Press Release - RUTH - The German World Music Prize has been awarded annually on the first weekend in July during the Rudolstadt Festival since 2002. Since 2020, the festival's ten-member organisation team has decided on this award, which is endowed with a total of 5,000 euros.
This year it will be awarded twice: To the musician Ezékiel Wendtoin Nikiema, alias Ezé, who comes from Burkina Faso and lives in Dresden, and to the dance master Sigrid Doberenz - she will be awarded the RUTH honour for her life's work.
Jury Statement on Ezé:
‘'My love for this country is a conscious decision, a signal to all the people who don't want to welcome me. This country belongs to me too! No, Ezé won't let it get him down, even though he was thrown out of the tram by a Pegida supporter shortly after his arrival in Dresden. The experience contributed to his blackness, to the conscious perception of his skin colour as a political dimension. This spurred him on immensely to take up the topic in his songs and get involved: against racism and the shift to the right. Ezé sings about flight and migration, the climate crisis, masculinity and vulnerability - predominantly in German, occasionally in French or in his native language Mòoré. He celebrates his migration background and his individuality in a pointed and humorous way, but always in such a way that there is no doubt about his attitude. ‘I'm German too, in my own way,’ says Ezé. And that is a very, very good thing, because with his humanity and as a socially, culturally and politically active person, he is a great asset to this country. We are therefore grateful to award him the RUTH 2025.’

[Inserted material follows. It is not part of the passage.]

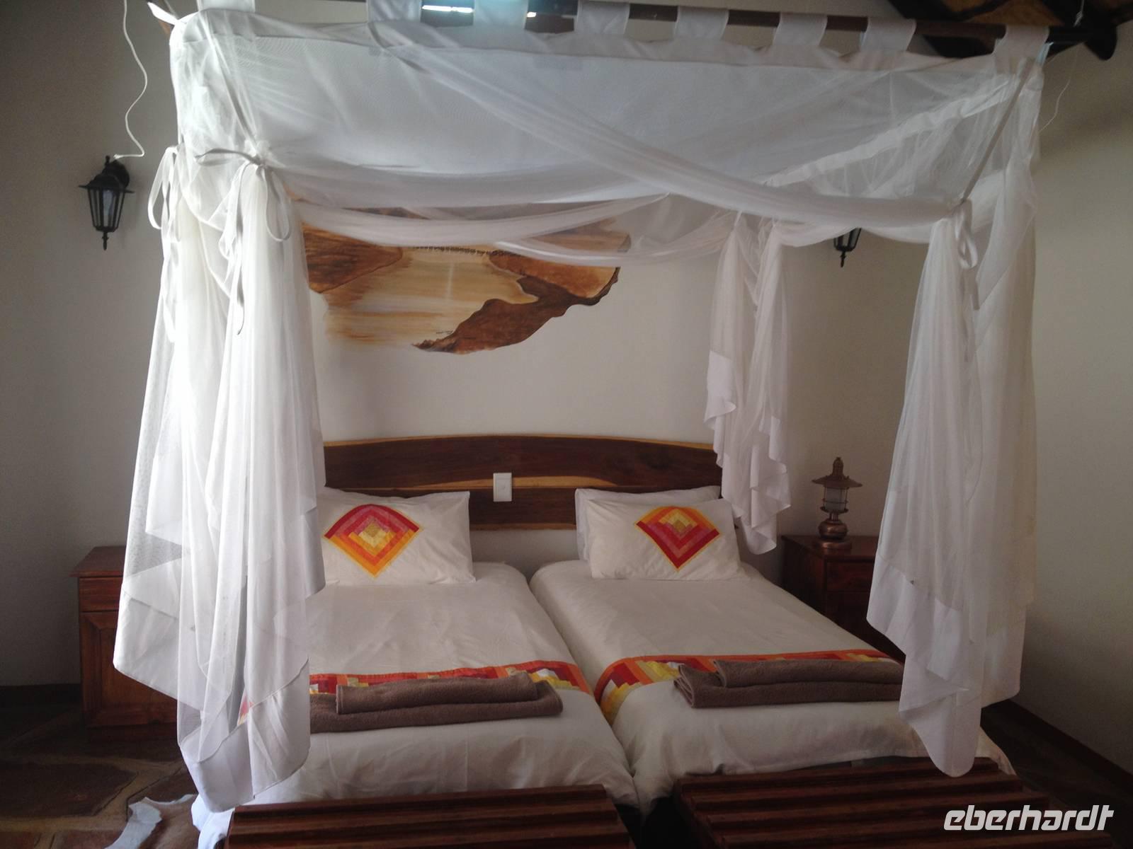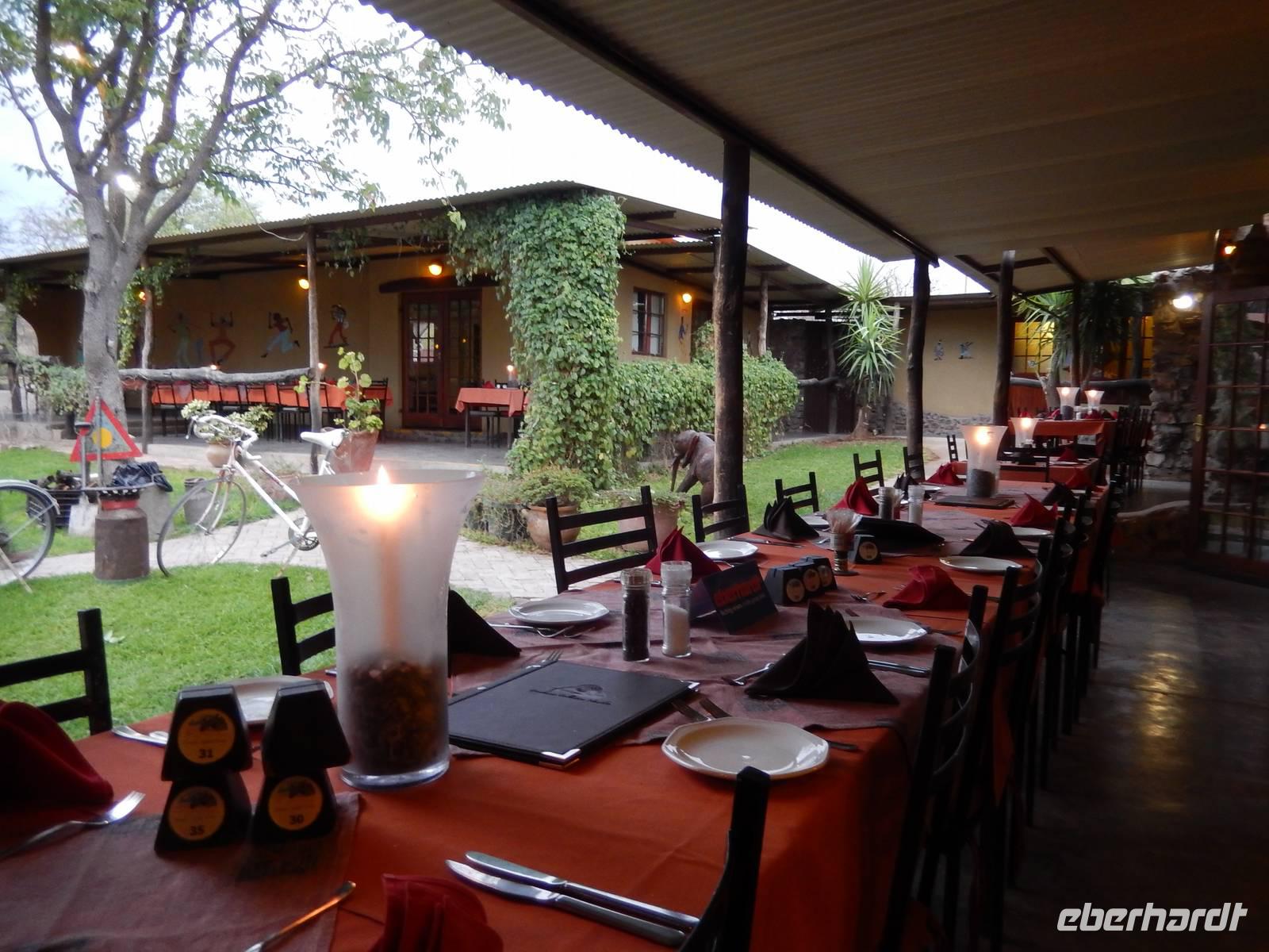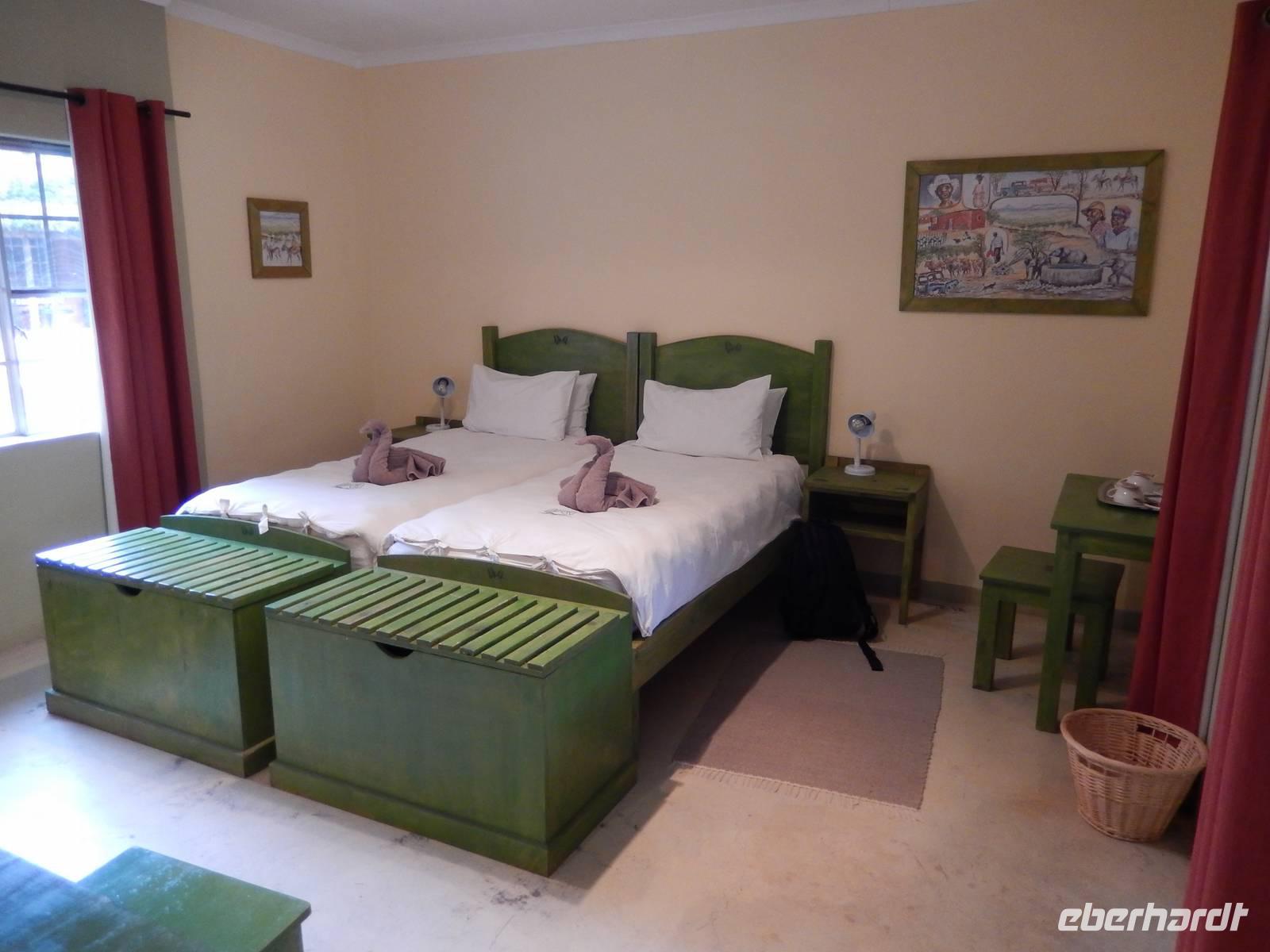 In unserer Lodge, der Damara Mopane Lodge, bezogen wir unsere kleinen Gartenhäuschen für eine Nacht. Das schöne war hier, dass jeder seinen eigenen kleinen Gemüsegarten hatte, denn die Lodge versorgt sich durch den Gemüse- und Obstanbau selbst.

Jury Statement on Sigrid Doberenz:
‘What is often said about the beginnings of participatory dance in the GDR, namely that visitors were prejudiced against active dancing and inhibited from dancing themselves, certainly did not apply to Sigrid Doberenz: the Leipzig native was a bundle of energy and had no inhibitions about moving. Nor was she afraid to approach visitors to dance events and classes and encourage them to dance along - regardless of whether they were big or small, young or old, or suffering from a disability. There was only one thing she was strict about: simply hopping around was not an option, the whole thing had to have a hand and foot. The technical, methodical and dance knowledge and skills that she herself had acquired in her training as a dance master also characterised her teaching of folk dances: Aesthetics, character and behaviour in dance were essential. This flowed into her workshops as well as into the three dance books (Das Taubenhaus 1996, Der Gänsereigen 2000, Der Froschkanon 2008) and a folk dance course on DVD (Das Federbett 2003), which she published. Participatory folk dance in the GDR was a phenomenon and is still in a class of its own today. Often copied and never equalled. Sigrid Doberenz played a decisive role in this. She has more than earned the honorary RUTH 2025 for this.’